Home/Publications/Best Practices Newsletter/2006 – Best Practices Newsletter/Successful Taxonomy Development: Three Important Questions


October 2006

Successful Taxonomy Development: Three Important Questions

CIDMIconNewsletter Seth Earley, Earley & Associates

Systems for managing unstructured information are proliferating throughout organizations, not only in terms of variety—document management systems, content management systems, portals, search engines—but also in terms of volume—each department or division develops multiple instantiations of these installations. All of these systems aim to improve ways of connecting people with the information on which they depend to do their jobs. However, the nature of this evolution of business and technology has led to the point where the solution becomes the problem—new systems designed to make information more accessible become more systems to access information.

It’s Still English, But…

Key elements in the success or failure of these systems are issues of language and meaning. Language is used to create, use, search, navigate, and retrieve information. However, words can be ambiguous and have different meanings for users depending on their context and experience. Consider what happens if each constituency does their job, but accounting people speak British English, IT speaks a Cajun dialect, legal speaks in inner-city slang, and researchers speak in scientific terminology. How can they share information? For all practical purposes, the languages they use in communicating with their professional peers are as different as these corners of the English language. It’s still English, but using these various dialects impedes effective communication.

I know I am preaching to the choir to the readers of this publication, but as we know, for content to be understood, reused, and exchanged across these different contexts, by different users, and by different systems, there must be a foundation of common terminology and understanding.

In this article, I talk about three important issues to consider when creating the underlying organizing principle of information systems —the taxonomy: a common language for sharing concepts and allowing efficient organizations of documents and content across systems and processes.

Even though developing a taxonomy is an essential step in any information management initiative, whether implementing a new solution or optimizing an existing one, many organizations make some fundamental mistakes.
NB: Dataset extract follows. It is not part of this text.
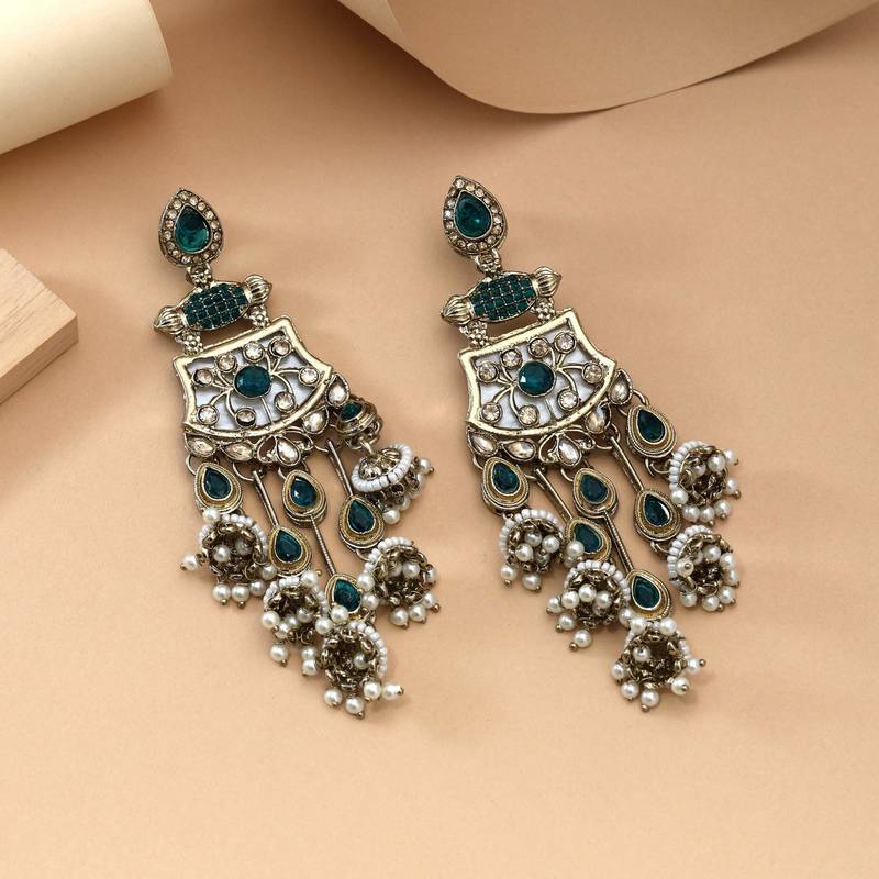 | Product Description | Earring Length: 11.00 Cm X Width: 3.30 Cm | Metal: Alloy With Good Quality Mehndi Gold Plated | Color: Rama Green | Stone: Kundan & Beads | Gross Weight: 64.00 Grams | Package Content: 1 Pair Of Earring | Back Finding: Post With Friction Back X Earring Style: Dangle |

These projects suffer from a poor understanding of the bigger picture. Taxonomy development is not just about terms, definitions, and hierarchy; there are larger issues to consider to ensure that your taxonomy can be successfully leveraged.

Here are three important questions to ask before starting any taxonomy project.

  • How does the taxonomy fit into the larger content strategy?
  • How will the taxonomy be applied?
  • Do we understand the context?

How Does the Taxonomy Fit into the Larger Content Strategy?

Content strategy can be defined in multiple contexts:

  • Business context: How does the content meet business needs? What are the business objectives of users and what capabilities are we providing?
  • Technical context: How will capabilities be supported with new and existing technology?
  • Deployment context: How will the new system be populated with meaningful, high-value material, and how will users be trained or enabled?
  • Management and governance context: How will the system be maintained and how will change requests be collected, vetted, and approved?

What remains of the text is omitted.